Regardless of what I say about Mr. Douville, he really was a smart guy, or at least he tried to be. You could tell that he was one of those people who aren’t naturally brilliant (see: me) but instead spends all his time reading Dostoyevsky and educational books like ‘I’m Man: Hear Me Roar.” He knew enough about law to teach a law class at my high school, so slightly more than your average Lemur. His teaching styles however were, how you say… non-existent. Mr. Douville is one of those people who are quiet, do whatever you ask without protesting, and let you walk all over them, until one day they climb a clock tower and take everyone in the town out with their M4A1 with a 9 Mag. Clip, and ‘WWJD” engraved in the handle because his neighbor’s armoire told him to kill.’ Yeah, he’s that guy. He’s the kid, that if you didn’t beat him up and steal his ‘lunch money’ you made fun of him behind his back. Yeah, that guy. And his teaching reflects it. He would say his pre-written lesson, regardless of how many people were speaking, usually louder than him, and then every once in a while he would EXPLODE!!!! I remember one class, we were talking while we was teaching.

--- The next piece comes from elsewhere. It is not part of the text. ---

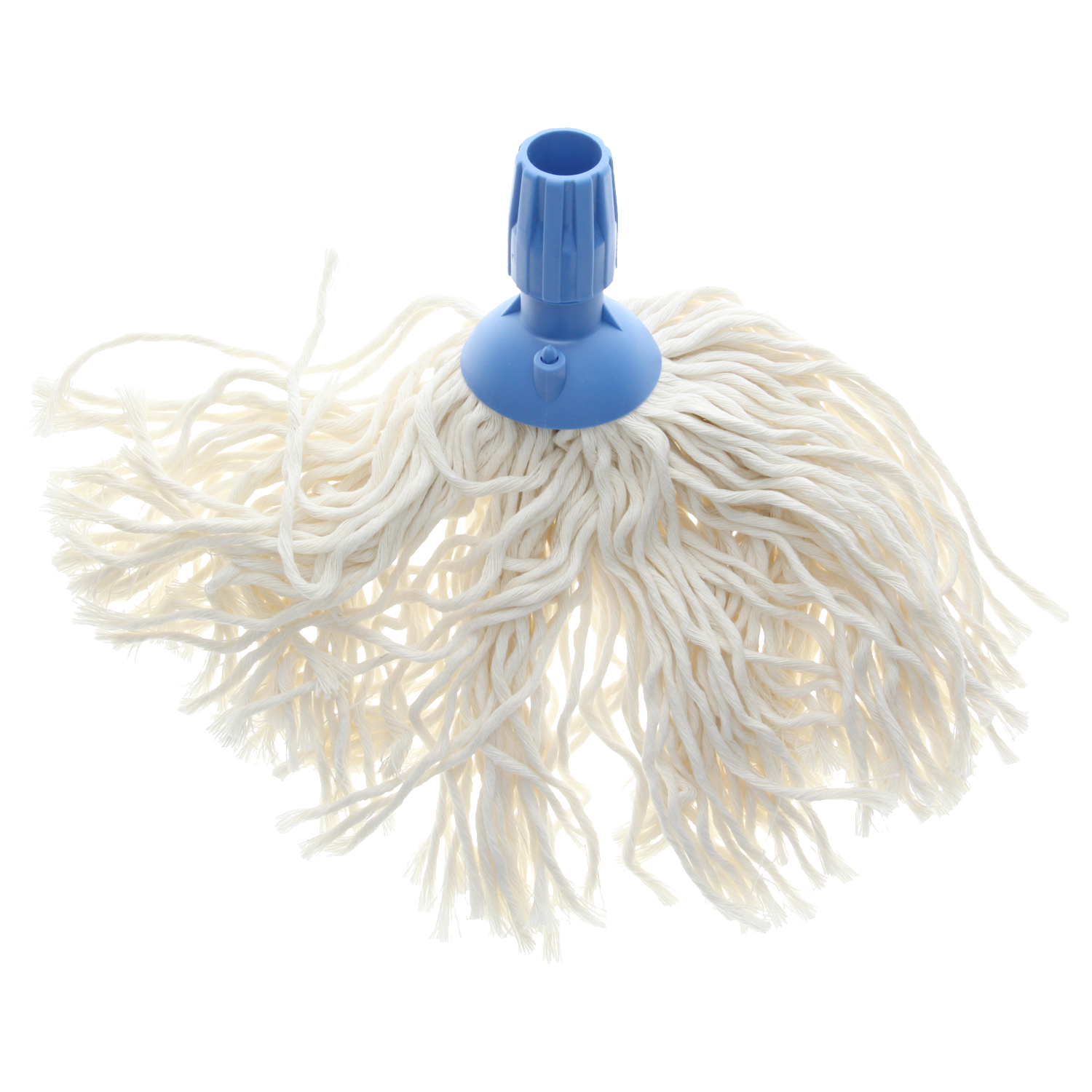 Minimop met schroefdraad katoen 150 gram met blauwe kunststof universele stokhouder.

So he as standing at the front of the class fidgeting and playing with his pencil, because I guess he was nervous, when he turned to us and yelled ‘GUYS BE QUIET!! JUST SHUT UP!!!! STOOOP TALKKIINGGGG!!!!!” and he snapped his pencil in half..... HE SNAPPED IT IN HALF! The volume of the class immediately dropped, as did our jaws, and the pencil shavings from his lead victim. He excused himself and got a new pencil, and I excused myself to go get some new underpants. I’m convinced that it was in that moment that I decided not to be a lawyer.

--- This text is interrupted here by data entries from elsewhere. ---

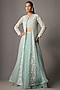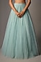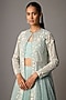 Featuring a powder blue gathered kalidar jacket in taiwan net base with floral embroidery. It is paired with a bustier and a skirt. Accentuate it with pearl or diamond drop earrings, a sleek clutch and soft metallic heels for an elegant ensemble, ideal for sangeet, engagement ceremonies or reception celebrations.
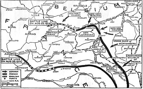 As we have seen, the resistance of Forts Boncelles and Loncin at Liege held back the main German advance from seven to ten days. Their fall released into German control the railway junction at Ans. With that was included the line from Liege up the left bank of the Meuse to Namur. Also, another line direct to Brussels.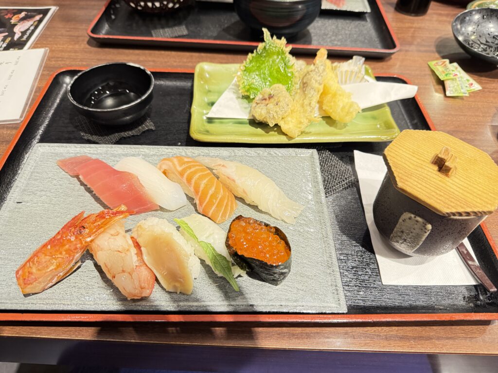 お寿司8貫、天ぷら5種盛り、茶わん蒸しです。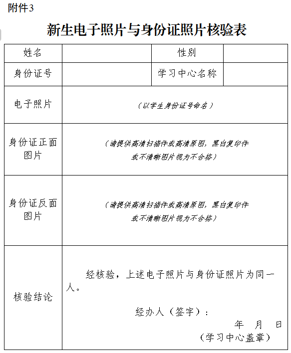 4.各级办学单位要高度重视此项工作,把好入口关,确保新生身份准确,杜绝冒名顶替行为,避免产生遗留问题。各学习中心要认真核验,承担审核的主体责任,采取各种手段确认学生身份,永久留存核验的档案信息。

However, Mr. Douville is one of those people that you cannot stay angry at because you just feel too damn bad for him. You couldn’t stay mad at a blind cripple, and this same principle applies to him. Simply describing Mr. Douville as the tall, lanky, anorexic, insane, lonely man he is, does not do him justice. He also sported the unshaven look (on his face) which may not have actually been hair, it’s possible that the darkness was simply his skin rotting away due to malnourishment. Amazingly, I’ve still yet to reveal the kicker, the one singular fact that makes his students pity him, and to this day I am still in awe. Mr. Douville, is probably around 40 years old, and, ready yourself… lives with his mom. HAHAHAHAHAHAHHAHAAHAH. Sorry, ‘bout that, couldn’t hold it back. I can only imagine that his relationship with his mother is similar to that depicted in the Alfred Hitchcock’s classic thriller ‘Psycho,’ or Principal Skinner with his mom.

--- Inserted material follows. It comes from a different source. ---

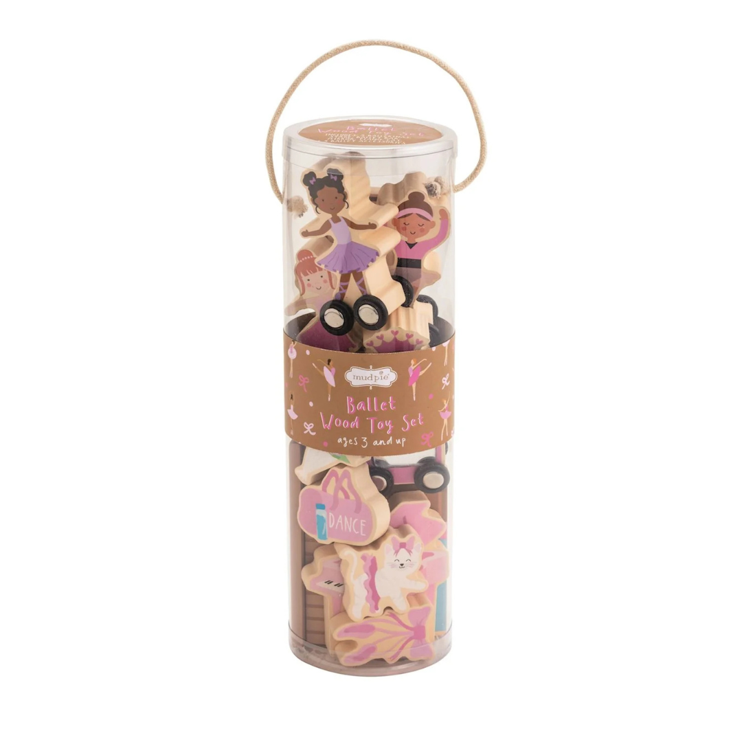 The ballet wood toy set is a 13-piece set that offers a range of wooden ballet items and ballerinas. With three ballerinas, stage, ballet bar, mirror, piano, cat, and three ballet accessories this set provides endless possibilities for imaginative play. Crafted from durable pine wood, it ensures safety for children aged 3 and up. This toy set encourages the development of fine motor skills, creativity, and problem-solving abilities in young children, making it an ideal choice for hours of engaging play.

I eventually graduated from his class with a decent grade, I did not deserve. He probably thought I would beat him up or something. Maybe he just figured I’d be his friend. I had heard that he had left my high school, and I was disappointed that I would never be able to see him again. But thankfully, I was wrong. I ran into him one last time, at the beginning of this school year. I was sitting in the cafeteria eating lunch with my friend, TheBabysitter, when I turned around and who did I see sitting at a table, eating his salad alone, but Mr. Douville. Poor, sad, skinny, depressed Mr. Douville sitting 5 feet away from me, and I didn’t go over to say hello. Why? I felt too damn sorry for him. It’s like when you see a really fat person alone at an all you can eat buffet, with two stacked plates of food, and they’re standing there checking out the dessert tray. You wanna go keep them company and help them out, but you’re too afraid you might throw up. Besides, a few seconds later an older woman sat down with him. I can only assume it was his mother. Turns out that he went back to University to get his degree. Yup, my High School Law teacher is attending the same school as I am, only he’s in his 40s. God bless the Canadian education system.

The one thing I did learn out this whole thing is this. If you’re ever driving down a highway in the middle of nowhere and your car breaks down near a motel run by a tall, skinny, guy, with a small beard… sleep in the car.